Find more information about House of Zana here
Website: www.houseofzana.uk 
Instagram: @house_of_zana
Facebook: @houseofzanauk
Email: [email protected]

Meet Salumi in Plymouth - a business that has gained great support from the community

Chantel and Dave Jenkins run Salumi – a lovely restaurant on Millbay Road in
Plymouth. Started 7 years ago, the couple have continued to adapt and change in
the light of the many challenges facing hospitality businesses in the UK. 
Dave, Plymouth born and bred met Chantel (an Australian) and they decided to bring
modern British cuisine with far flung twists from Asia and Australia to the waterfront
city. During Covid they re-set their vision and expanded their premises with a
vamped up garden and fire kitchen that has been able to capitalise on the increasing
desire for al fresco dining post lockdown. Chantel believes Plymouth to be a fantastic
place to start a business, and particularly an eatery, she explains “There is a huge
opportunity to do good food here, we have amazing things on our doorstep- it is such
a great part of the world, between the moors, the sea, the Tamar Valley. It means we
have access to the best the South West has to offer.

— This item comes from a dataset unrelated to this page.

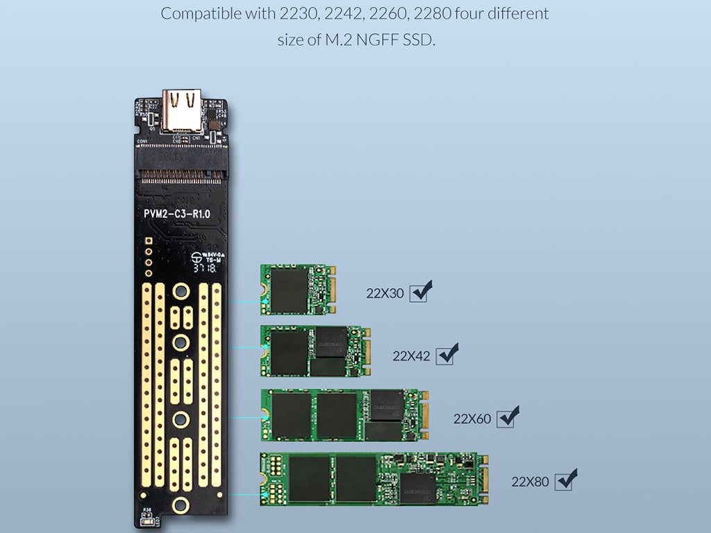 همه اندازه پشتیبانی می کند سازگار با 2230 ، 2242 ، 2260 ، 2280 چهار اندازه مختلف M.2 NGFF SSD.

I feel super lucky to have such
access to local and quality produce which is key for us.” Chantel is not surprised that
Plymouth is an entrepreneurial location. She believes that the Business
Improvement District (Plymouth Waterfront BID) has a key part to play in that,
describing them as “hugely supportive and approachable.” She also has big hopes
for the city – “There is a lovely camaraderie between the local businesses, we have
got our own beer now which we have brewed in a local brewery. Businesses work
with each other which means we forge long and productive relationships which helps
our businesses to grow.” 
As a Hospitality business she hopes to see more Government support – a break in
VAT or a reduction would help she believes and says the sector is underrepresented
by Government – so to support them, more longer term thinking and representation
would really help
18 Millbay Road,
Plymouth PL1 3PE
www.eatsalumi.co.uk
[email protected]
Facebook & Instagram @eatsalumi

Small businesses need rocket fuel not billionaires

With inflation rising, everyone is getting hit, and every budget is squeezed. Places and the communities that live within them will make or break a business. So spend local and rocketfuel the dreams of a small business owner rather than a billionaire.